I finally put the components on the SWR bridge board:

SWR Bridge Schematic

The SWR bridge uses a common two-transformer directional coupler design, and should have very low excess loss.  Typically the coupled taps are designed for a 50 Ohm impedance, which makes perfect sense if you want to connect it to other test equipment.  But here we are using a full-wave rectifier diode detector design, and we can reduce the loss, or increase the sensitivity, by scaling up the impedance at the coupled ports.  Here I adjusted the transformer turns ratios to drive a 100 Ohm load at the detector ports.

3D KiCad Rendering

 It turns out that there is a downside to how quick/easy/cheap the design-to-PCB process is.  First, I spent some hours simulating various circuit options in LTSpice  Then, using KiCad for schematic capture and circuit-board layout,  I had the schematic and PCB design finished in one evening.  This included building some custom symbols and footprints for my toroid coils and the Schottky diodes I had chosen.  That same evening I sent the PCB files over the internet to JLCPCB, and selecting the next-to-cheapest delivery option I had five boards fabricated and shipped for $12.80.  Complete(!)  These were two-layer boards, but four-layer are only very slightly more expensive.  Since the component count was low, I chose to not get the stainless solder-paste stencil, but those are also quite inexpensive and certainly worth it if you have a more complicated board.

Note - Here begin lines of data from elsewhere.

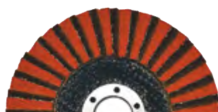
ULTRA COARSE (CERAMICO)

FINISHING PRO nasce dall'idea di creare un disco lamellare di nuova generazione abbinando normali lamelle di tela abrasiva a lamelle in tessuto non tessuto tipiche dei dischi per finitura. Le lamelle in tela abrasiva sono deputate allo "sgrosso", mentre quelle in tessuto non tessuto, grazie alla fine granulometria, lucidano il metallo conferendogli un basso livello di rugosità superficiale ed un aspetto lucente. La versione con tela ceramica ha una velocità di asportazione almeno doppia rispetto a quella dei dischi lamellari al corindone e il 50% in più di durata. FINISHING PRO ceramico è indicato per veloci operazioni di sgrossatura e precedere, ove necessario, le varie lavorazioni di finitura ottenibili con le versioni di FINISHING PRO a grana ULTRA COARSE, COARSE, MEDIUM o FINE.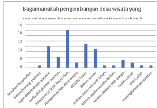
Gambar 3. Jawaban Responden 3

Dari Tabel 3 dan Gambar 3 diketahui bahwa mayoritas responden menjawab ke depannya lebih bagus dan maju lagi terkait dengan pengembangan desa wisata di Desa Terban. Berdasarkan jawaban tersebut di atas, dapat kita ketahui bahwa besar harapan mereka terhadap program ini dengan memberi banyak masukan agar pengembangan desa wisata dapat segera terlaksana. Masyarakat juga berharap dengan program ini akan meningkatkan taraf kesejahteraan ekonomi dengan peluang usaha yang muncul dari adanya wisata Situs Patiayam. Meskipun demikian, ada juga kekhawatiran terjadi kerusakan lahan pertanian akibat pembangunan infrastruktur seperti jalan dan pengembangan lokasi situs.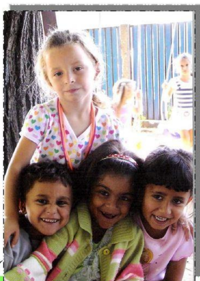
A Debreceni Pósa Utcai Óvoda Pedagógiai Programja Forrás: http://docplayer.hu/1952489-A-posa-utcai-ovoda-pedagogiai-programja.html

Jó szívvel és felelősséggel ajánljuk azoknak az óvodapedagógusoknak és szülőknek, akik bíznak a gyermekek önálló fejlődésében, a személyiség kibontakozásában, de azt vallják, hogy mindehhez szükséges az elhivatott, a gyermekek tiszteletét, értő és ismerő óvodapedagógus tudatos hatása, a nevelés.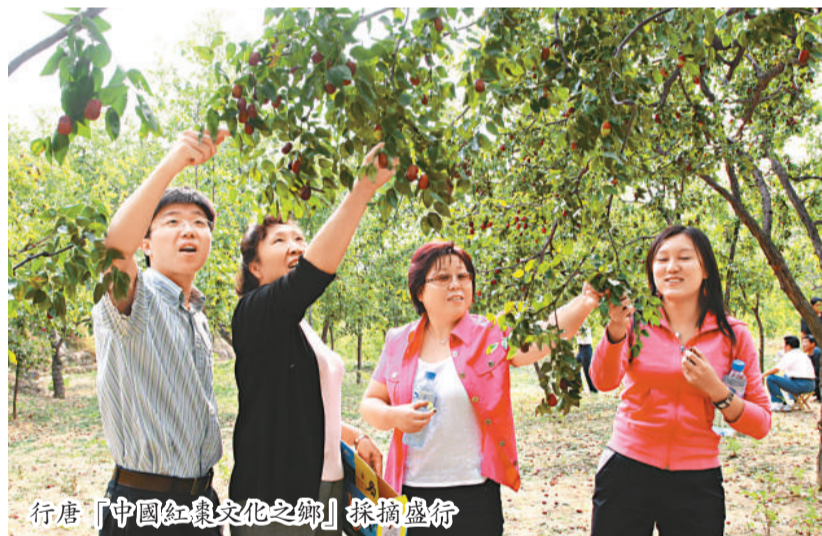
行唐「中國紅棗文化之鄉」採摘盛會

支柱產業、特色產業逐步形成。縣委、縣政府努力引導企業科學管理，科技創新，鼓勵企業優化產業結構，降低生產成本，提高產品質量，培育名牌產品。全縣逐步形成了食品飲料、礦產建材、機械製造、化工醫藥、電子信息五大工業支柱產業和「兩紅一白」農業特色產業。特別是化工產業中的立德粉，年產立德粉1.5萬噸，銷售量佔國內外市場份額的13%，是全國北方最大的立德粉生產基地；食品飲料產業中的奶製品，銷售量佔國內外市場份額的12%；電子材料主導產品為中高檔液晶材料和電致發光材料，年產液晶材料30噸，產值6億元，國內市場佔有率達5%。下一步，行唐將借力發展，把該縣建設成為華北重要的乳業生產加工基地、高新技術產業基地和非金屬礦產品加工出口基地。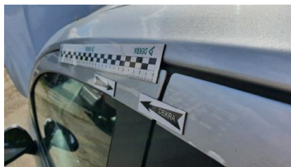
Fot. 38 Drzwi przednie lewe (Wgniecie./Odkształ.)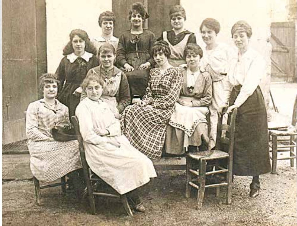
Atelier de couture à Gradignan pendant la guerre

Mais à partir de 1914, les femmes qui travaillaient avec les hommes vont devoir le faire sans eux. Légalement considérées comme mineures, elles doivent parfois attendre une procuration envoyée du front par un mari mobilisé pour effectuer une transaction. Pourtant, ce sont elles qui font marcher l'économie du pays. En plus de la gestion de la maison et de la famille, de leur travail quotidien, elles doivent s'occuper de l'entreprise ou de la ferme, comme le faisaient les hommes auparavant : gérer les stocks, conduire les machines et les animaux de trait quand il en reste, transporter et vendre les récoltes... Or, les femmes ne sont pas formées à ces tâches. Elles vont donc devoir se débrouiller et apprendre sur le tas.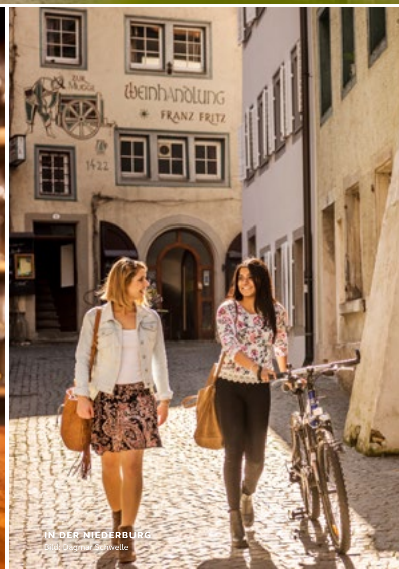
IN DER NIEDERBURG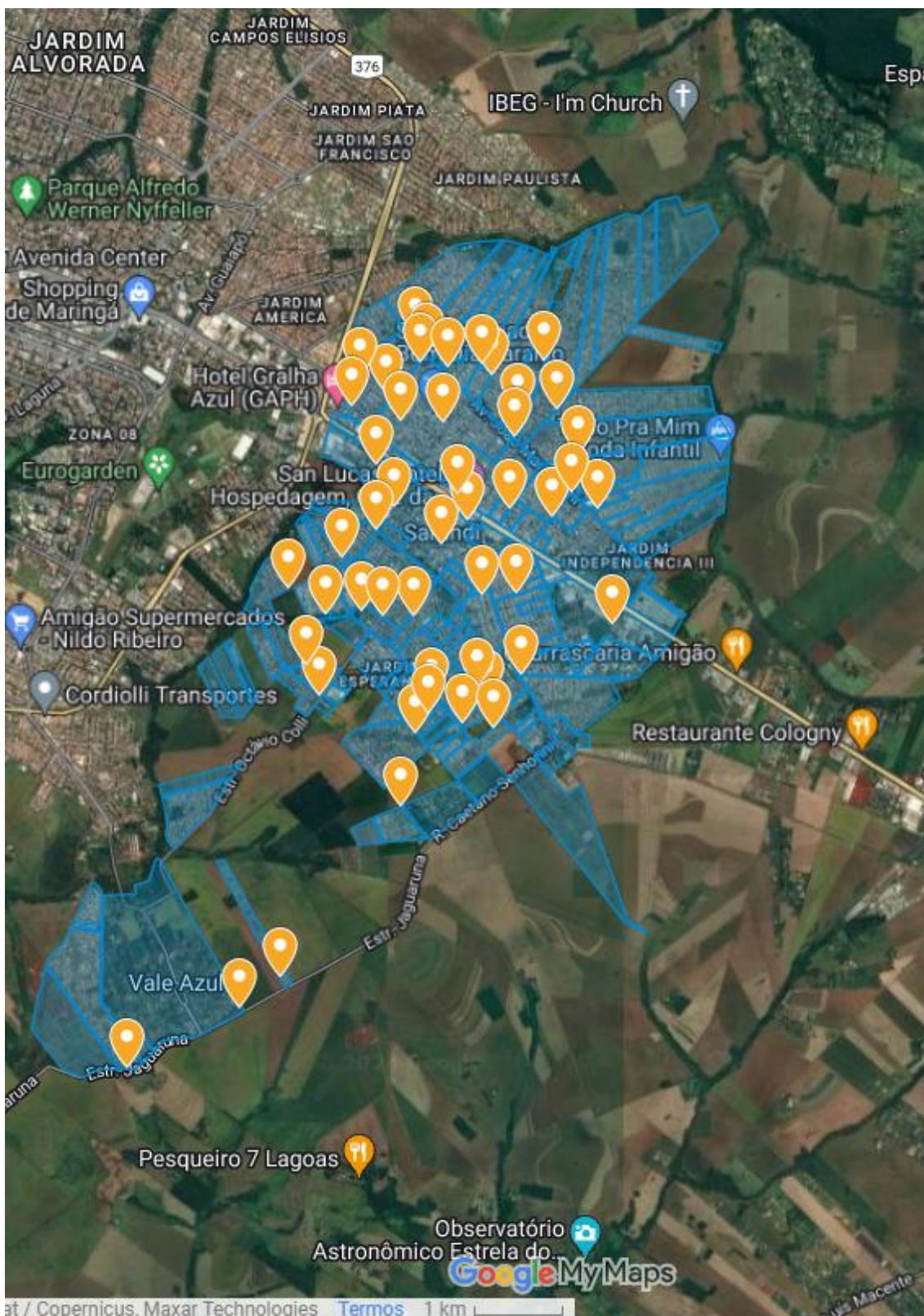
Figura 3: Mapa da cidade de Sarandi-PR. Distribuição de UTAs.

So what’s the downside?  It’s so easy, quick, and cheap that I  perhaps don’t spend enough time checking my work.  Turns out I had four silk screened reference designators swapped (which meant I installed those parts in the wrong location), and I had screwed up the location of two diodes in my original schematic.  Fortunately, all the traces are on the top side, and it was easy to cut traces and solder wires to fix that little SNAFU.

Board Under Test (with cuts and bodge-wires)

 With those fixes I was able to test the SWR detector with my signal generator at +20 dBm (1/10 W), and using my Drift Buoy amplifier at +30 dBm (1 W).  I was able to test with SWR of 1:1, infinity,  1.27:1, and 1.168 (these last two using a 10dB attenuator with open and shorted outputs).  I’m going to have to do more measurements at different SWRs.  I will be measuring the forward and reverse detector output voltages with the Drift Buoy A/D converter, and since the diodes are non-linear, will need to characterize the behavior at different power levels and SWR values.

Through-Loss (-0.2dB @ 10 MHz)

 The last test was a loss measurement using my spectrum analyzer and tracking generator.  I hadn’t been too concerned about behavior far away from the 10 MHz frequency of operation, but it looks like the SWR bridge behaves well beyond 100 MHz.  The loss at 10 MHz is about 0.2 dB, which is pretty good.

By the way, those white wires on the toroids are the two-turn center-tapped windings.  I used a trace on the PBC for the center-tap connection and use two hairpin wires for the turns.